In artikel 2, lid 21 staat dat aan artikel 16, lid 2 van de voorschriften bij het bestemmingsplan "Bedrijvenpark Rijnhoek" een nieuw sub g wordt toegevoegd, inhoudende dat het college van burgemeester en wethouders bevoegd is ontheffing te verlenen van artikel 4, lid 4, sub d voor het verhogen van de maximale bouwhoogte tot 12 meter voor de gronden evenwijdig aan het spoor tussen 15 tot maximaal 28,5 meter achter de voorgevelbouwgrens.

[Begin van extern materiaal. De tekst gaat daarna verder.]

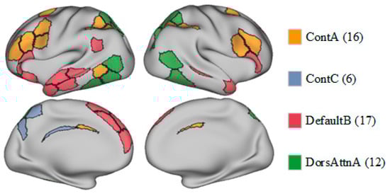 Figure 4. Spatial maps of the ContA, ContC, DefaultB, and DorsAttnA networks.

2.3.1.2. Anders dan [verzoeker] is de voorzitter voorshands van oordeel dat de raad zich in redelijkheid op het standpunt heeft kunnen stellen dat de in het onderhavige plan rechtstreeks dan wel via een ontheffing mogelijk gemaakte verruiming van de bouwhoogte van de bebouwing in de zogenoemde Stripzone geen afbreuk doet aan het uitgangspunt dat grote contrasten met de bestaande woonbebouwing aan het Dammekant dienen te worden voorkomen. Hierbij neemt de voorzitter in aanmerking dat voor de woningen aan het Dammekant op grond van artikel 5, lid 3, aanhef en onder c, van de voorschriften behorende bij het bestemmingsplan "Bedrijvenpark Rijnhoek" een maximale bouwhoogte is toegestaan van 10 meter en dat de afstand tussen het bestemmingsvlak "Bedrijfsdoeleinden stripzone (Bs)" en de woning van [verzoeker] aan het Dammekant ongeveer 220 meter bedraagt, gemeten vanaf de plankaart. Gezien deze afstand ziet de voorzitter evenmin aanleiding voor het oordeel dat [verzoeker] onevenredig in zijn belangen wordt aangetast als gevolg van het plan in zoverre.
Gelet op het voorgaande ziet de voorzitter in het door [verzoeker] aangevoerde geen aanleiding voor de verwachting dat het besluit in de bodemprocedure niet in stand kan blijven. Voor het treffen van een voorlopige voorziening bestaat derhalve geen grond.
2.4. Voor een proceskostenveroordeling bestaat geen aanleiding.
De voorzitter van de Afdeling bestuursrechtspraak van de Raad van State:
Aldus vastgesteld door mr. J.A.W. Scholten-Hinloopen, als voorzitter, in tegenwoordigheid van mr. K.M. Gerkema, ambtenaar van Staat.